Anna Von Hausswolff, foto per la stampa (2021)

Due concerti di Anna Von Hausswolff annullati a causa degli integralisti cattolici

I protestanti hanno descritto la musica della compositrice come “satanista” intonando preghiere e canti fuori dalla porta della chiesa di Nantes, impedendo di fatto lo svolgimento del concerto

Anna Von Hausswolff si è da poco esibita dalle nostre parti presentando l’album All Thoughts Fly. I concerti di questo tour, incentrati – coerentemente con l’album – sull’esplorazione delle possibilità e potenzialità espressive dell’organo a canne, si stanno svolgendo all’interno di chiese, proprio come quello italiano ha trovato collocazione presso la Basilica Santa Maria dei Servi di Bologna lo scorso mese.

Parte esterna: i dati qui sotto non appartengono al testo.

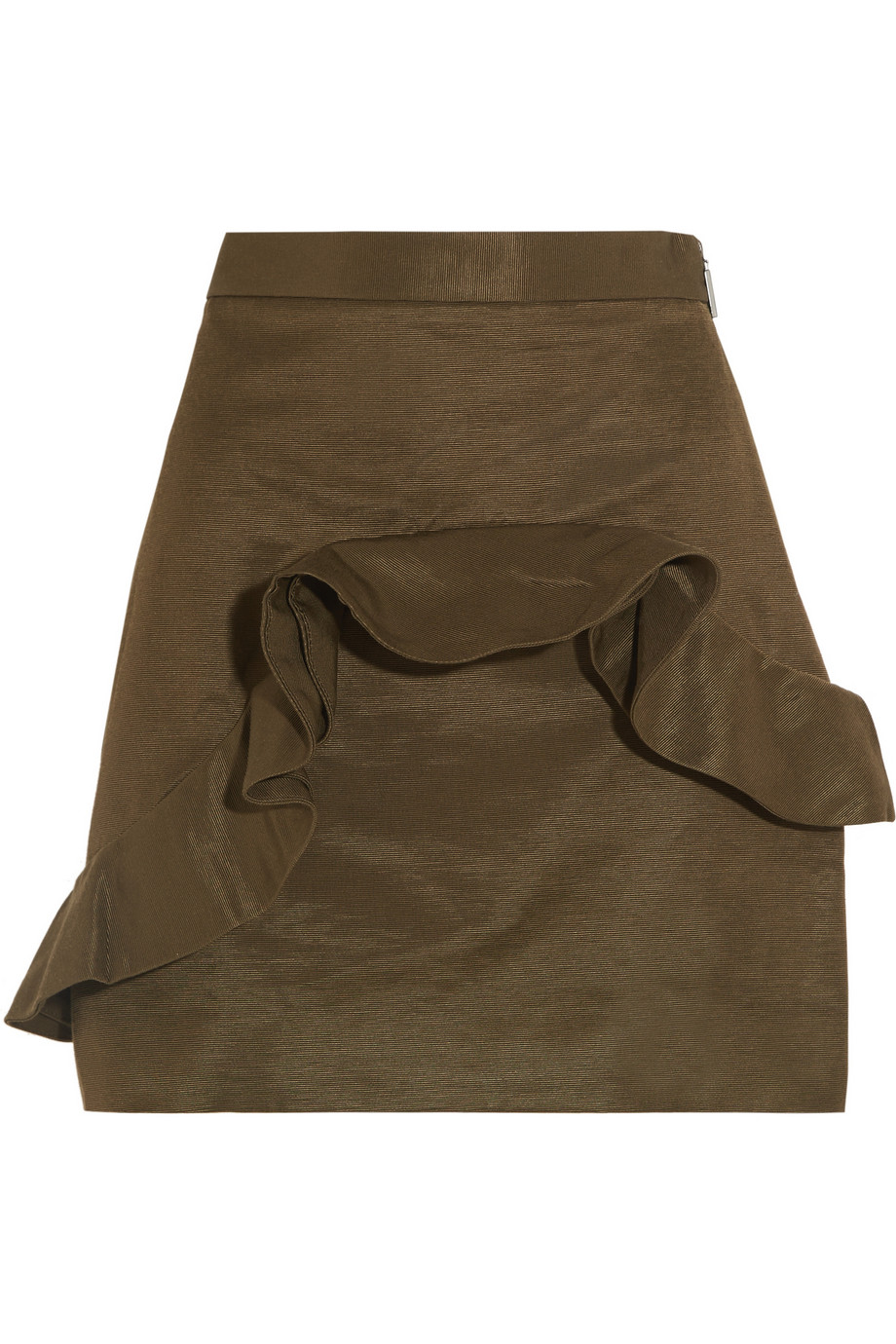 The army-green cotton-blend faille skirt features a structured A-line silhouette and is finished with an asymmetric ruffle.

La scelta dello strumento (e soprattutto la sede in cui storicamente si colloca) ha in questi giorni indignato una frangia di integralisti cattolici in Francia, apprendiamo dalla stessa musicista e dal Guardian. I protestanti sono riusciti a far cancellare gli show in programma a Nantes, lo scorso 7 dicembre, e quello previsto a Parigi oggi. «Mentre sono qui, all’interno della Chiesa, 50-100 manifestanti stanno cantando e urlando fuori dell’ingresso principale, impedendo a 400 persone di poter entrare», scrive la musicista via IG, che li descrive come «far-right Catholic integralists», connotandone anche politicamente l’azione.

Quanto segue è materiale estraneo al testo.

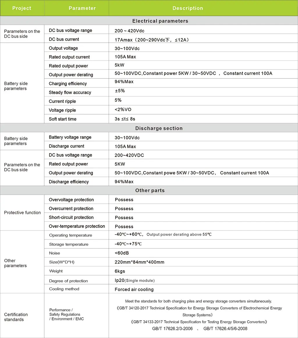 The IBDC10050 power module is a DC/DC bidirectional conversion power module with a battery side voltage range of 30 to 100Vdc and a bus side voltage range of 200 to 420 Vdc. The power module features DC reverse connection protection, overcurrent protection, overvoltage protection, over-temperature protection, short circuit protection, and supports up to 32 units for parallel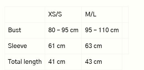 | Sleeve | 61 cm | 63 cm | |

Hausswolff specifica che i concerti sono stati annullati per prevenire problemi di sicurezza tra i presenti. L’esiguo servizio di sicurezza non sarebbe stato in grado di gestire un’eventuale escalation di tensione e violenza. Il gesto è stato condannato dalle istituzioni. L’assessore alla cultura di Nantes, Aymeric Seassau, ha espresso la propria solidarietà alla musicista svedese («Contro l’oscurantismo, la cultura e l’arte sono più che mai importanti»).

Il team della musicista sta attualmente cercando una nuova location in cui recuperare lo show parigino.

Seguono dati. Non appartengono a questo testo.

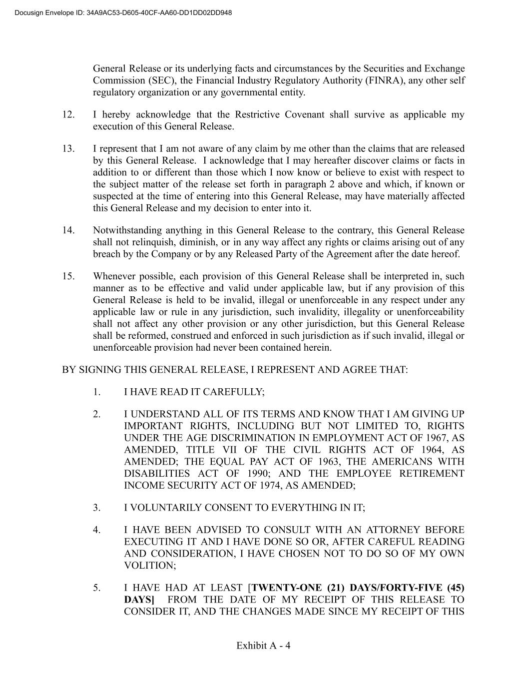 General Release or its underlying facts and circumstances by the Securities and Exchange Commission (SEC), the Financial Industry Regulatory Authority (FINRA), any other self regulatory organization or any governmental entity. 12. I hereby acknowledge that the Restrictive Covenant shall survive as applicable my execution of this General Release. 13. I represent that I am not aware of any claim by me other than the claims that are released by this General Release. I acknowledge that I may hereafter discover claims or facts in addition to or different than those which I now know or believe to exist with respect to the subject matter of the release set forth in paragraph 2 above and which, if known or suspected at the time of entering into this General Release, may have materially affected this General Release and my decision to enter into it. 14. Notwithstanding anything in this General Release to the contrary, this General Release shall not relinquish, diminish, or in any way affect any rights or claims arising out of any breach by the Company or by any Released Party of the Agreement after the date hereof. 15. Whenever possible, each provision of this General Release shall be interpreted in, such manner as to be effective and valid under applicable law, but if any provision of this General Release is held to be invalid, illegal or unenforceable in any respect under any applicable law or rule in any jurisdiction, such invalidity, illegality or unenforceability shall not affect any other provision or any other jurisdiction, but this General Release shall be reformed, construed and enforced in such jurisdiction as if such invalid, illegal or unenforceable provision had never been contained herein. BY SIGNING THIS GENERAL RELEASE, I REPRESENT AND AGREE THAT: 1. I HAVE READ IT CAREFULLY; 2. I UNDERSTAND ALL OF ITS TERMS AND KNOW THAT I AM GIVING UP IMPORTANT RIGHTS, INCLUDING BUT NOT LIMITED TO, RIGHTS UNDER THE AGE DISCRIMINATION IN EMPLOYMENT ACT OF 1967, AS AMENDED, TITLE VII OF THE CIVIL RIGHTS ACT OF 1964, AS AMENDED; THE EQUAL PAY ACT OF 1963, THE AMERICANS WITH DISABILITIES ACT OF 1990; AND THE EMPLOYEE RETIREMENT INCOME SECURITY ACT OF 1974, AS AMENDED; 3. I VOLUNTARILY CONSENT TO EVERYTHING IN IT; 4. I HAVE BEEN ADVISED TO CONSULT WITH AN ATTORNEY BEFORE EXECUTING IT AND I HAVE DONE SO OR, AFTER CAREFUL READING AND CONSIDERATION, I HAVE CHOSEN NOT TO DO SO OF MY OWN VOLITION; 5. I HAVE HAD AT LEAST [TWENTY-ONE (21) DAYS/FORTY-FIVE (45) DAYS] FROM THE DATE OF MY RECEIPT OF THIS RELEASE TO CONSIDER IT, AND THE CHANGES MADE SINCE MY RECEIPT OF THIS Exhibit A - 4 Docusign Envelope ID: 34A9AC53-D605-40CF-AA60-DD1DD02DD948

Pubblicato a settembre 2020 via Southern Lord, All Thoughts Fly irradia una bellezza malinconica – scrivevamo in sede di recensione – e si distingue per transizioni fluide di elementi contrastanti; calma e drammaticità, armonia e dissonanza, proprio come il luogo che ha ispirato la musica, ovvero Sacro Bosco, il parco di Bomarzo a Viterbo.